第3話 夜這いする少年
アメリッシュ様、おはようございます。
今回はポイントが少ないので、よくあるポイントを深堀りしてみました。
いまでも、あの時の刈り上げ頭の30歳くらいの貧相で茶色のジャンバーを着た男には腹がたつ。私のスカートに下半身を擦り寄せニヤニヤして、こちらを上目遣いに伺っていた。
⇒「あの時の刈り上げ頭の30歳くらいの貧相で」は助詞「の」が三回出てきます。
助詞「の」は連続して二回までに抑えないと、とたんに読みづらい文になってしまうのです。「茶色のジャンバー」は含みません。「貧相で」で連続がいったん切れていますので。

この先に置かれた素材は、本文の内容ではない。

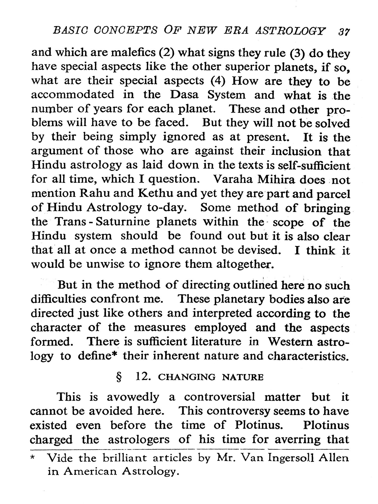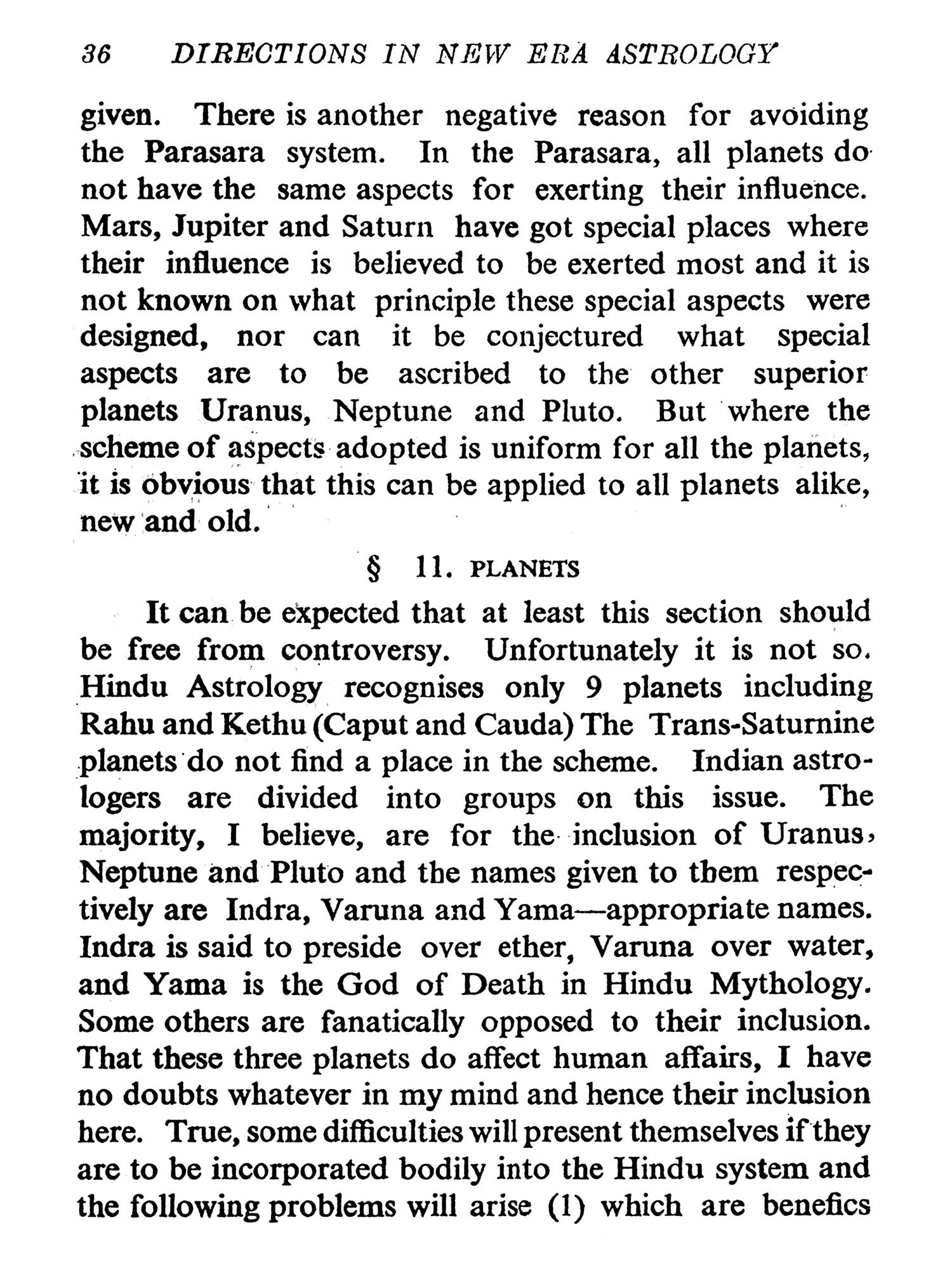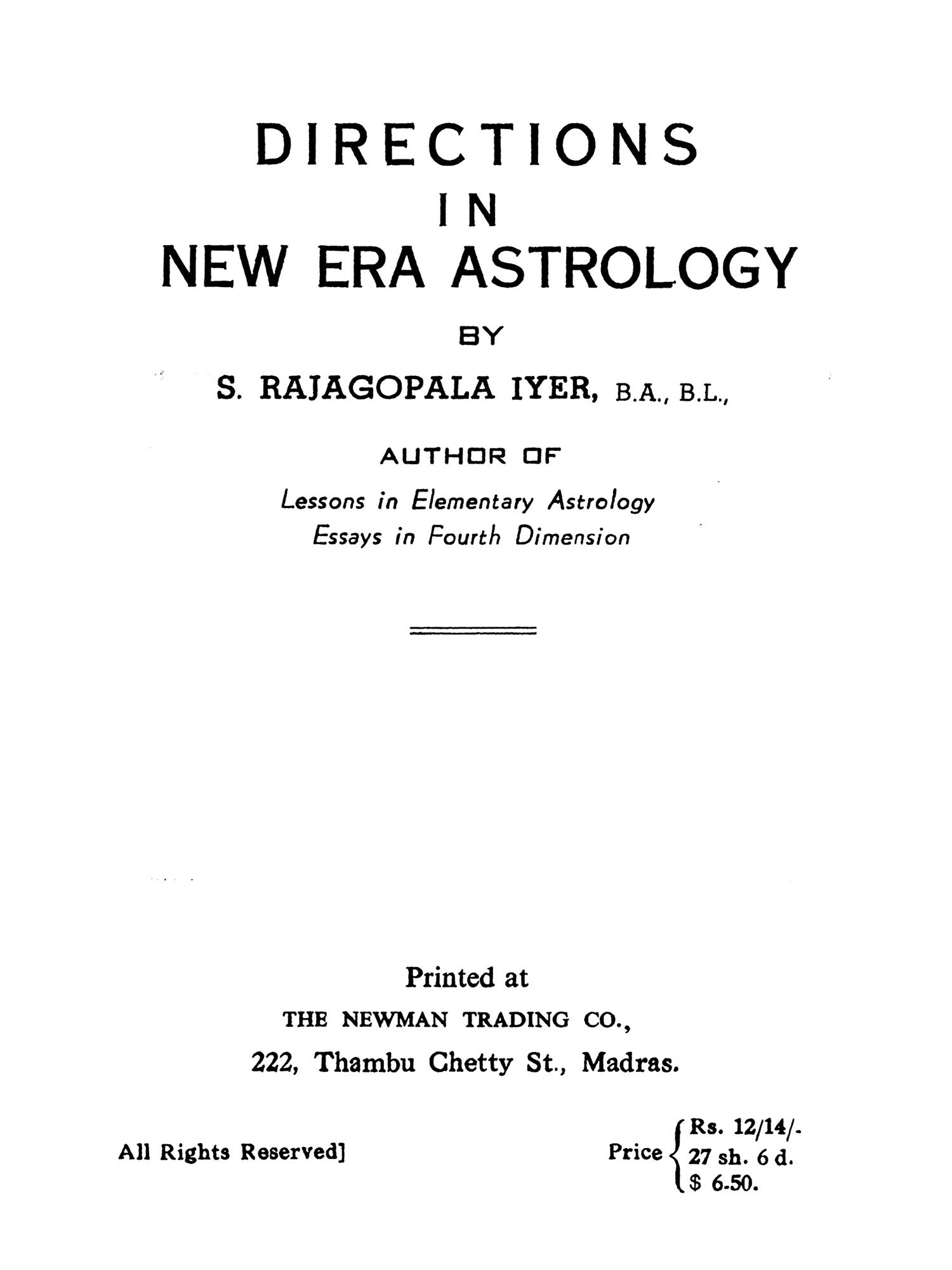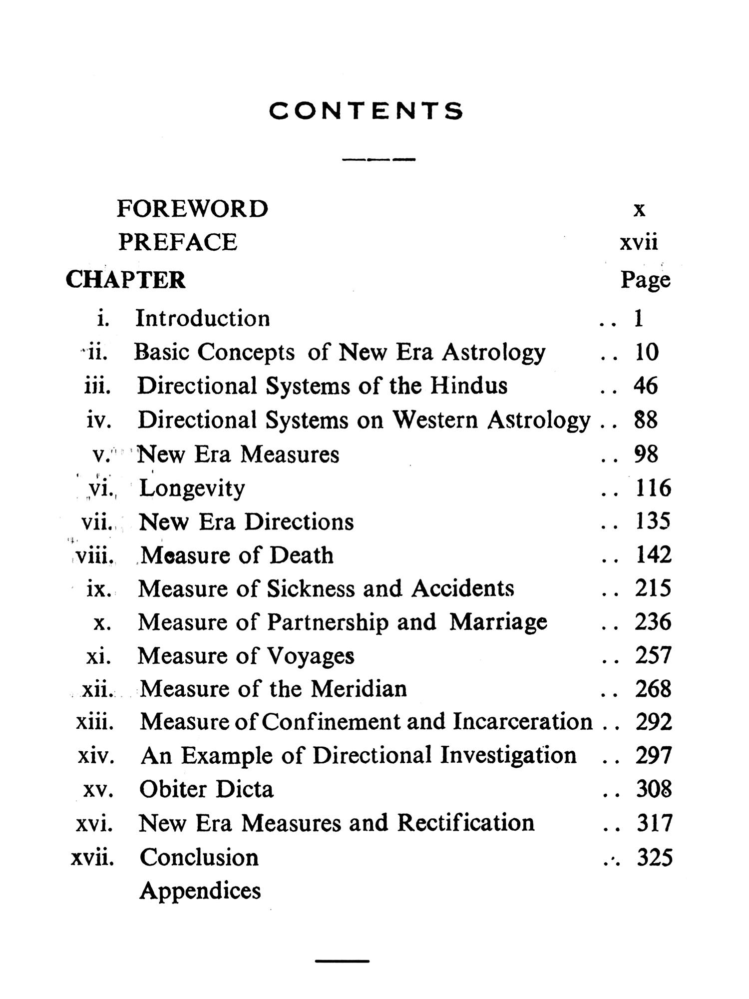But astrologers employ other methods of making predictions which come under the heading of symbolical Prognostication. These include Directions (Primary and Secondary), Arabic Progressions, the Indian Dasa Systems, and Symbolics proper. Primary directions are related to the Mundane sphere and not to the ecliptic circle. Claudius Ptolemy, the disputed author of the Tetrabiblos in which the theory is first expounded, believed that the planets at birth left a permanent impress of their influences on the positions they occupied in the mundane sphere (i.e. in the Bhavas or "Houses"). Suppose birth occurred at sunrise about the time of the Vernal Equinox (March 21st) when Mars was precisely on the upper meridian (Midheaven) the Sun being on the ascending degree. According to this theory the influence of Mars irrespective of its zodiacal position is indelibly impressed on the midheaven, as that of the Sun is impressed on the eastern horizon. Six hours after birth would be noon, when the Sun would have come to the upper meridian (culminated) and hence it would be mundanely in conjunction with Mars; and as Ptolemy believed one hour of equinoctial time to be astrologically equivalent to IS years of life, then the effects of this direction would operate in the native's 90th year. The secondary method is on all fours' with the primary except that directions "In Zodiaco" are made to the ecliptic degrees occupied by the natal planets. Assuming a life span of 120 years all possible directions would occur within some eight hours of birth, Ptolemy's method of effecting these directions by proportion of semi arcs is open to serious mathematical objections. R. C. Smith (the first "Raphael") very logically suggested that such directions should be made under the Poles of the significators but Sepharial's formulae for computing these Poles is trigonometrically inaccurate. Inci-dentally these systems were never popular since they called for at least a working knowledge of trigonometrical functions, apart from the fact that they were laborious, tedious and time-consuming. The system most popular in the West, and still in vogue, is the Arabic method of progressions which is based on the assumption that every day after birth is equivalent to one year of life. According to this theory if the Sun and Jupiter come into mutual conjunction 30 days after birth, then the wonderful effect of this configuration would be experienced in the native's 30th year. In India the Dasa system of predicting by planetary periods is in popular use. As the method is explained with much detail by our author in this book it is not necessary to enlarge on it here.

ではどう処理するべきかですが、まずこの文を修飾語なしにしてみます。
「貧相でジャンバーを着た男には腹がたつ。」こう見ると貧相にだけ助詞「の」の三連発でわかりにくさを生んでいますよね。
文語体を意識すると、語順は「ジャンバーを着た貧相な男には今でも腹が立つ。」が正しいのですが、この文章には「勢い」があるため、語順の並び替えをすると「勢い」を削いでしまいます。では元の文章をどういじるか。
読点を使います。
⇒いまでもあの時の、刈り上げ頭の30歳くらいの、貧相で茶色のジャンバーを着た男には腹がたつ。
こうすると「貧相」には明確な修飾語がなくなります。
⇒「上目遣いに窺っていた。」が正しいですね。
「伺う」「窺う」は間違えやすいので用例を挙げておきます。
「伺う」は尋ねる、訪問する意
「窺う」は密かに覗いて見る、様子を見て時機を待ち受ける意
です。ただし「窺う」は常用漢字ではないので、読みやすさを意識するならひらがな書きしましょう。ルビを振ってもかまいません。
この貧しいが掘っ立て小屋に金目の物はない。
⇒「掘っ建て小屋」ですね。あと「この貧しいが」は表現としておかしいはず。「この貧しい造りの掘っ建て小屋に金目の物はない。」「この掘っ建て小屋に金目の物はない。」あたりが適切です。しかしアメはいつ掘っ建て小屋に金目の物がないと知ったのか、が謎ですね。となれば言い切るよりも「金目の物はないだろう」のように表現したほうが自然ですね。
明日から兵にでるから、今日、行くって話がついとんやなかったんか」と、再び近づいてくる。
⇒「兵」に「いくさ」のルビを振りましょう。おそらく難読字です。
マサはみるからにシュンとして、それから、一回だけ物欲しげに振り返ると出て行った。
⇒「見るからに」は小学校の漢字なので漢字、「出ていった」は補助動詞なのでひらがなで表記しましょう。
今回はこんなところです。
今日中にもう一話くらい取りかかれればと考えています。
株式トレードがうまくいけばいいですね。
それでは次回の添削でお会いしましょう。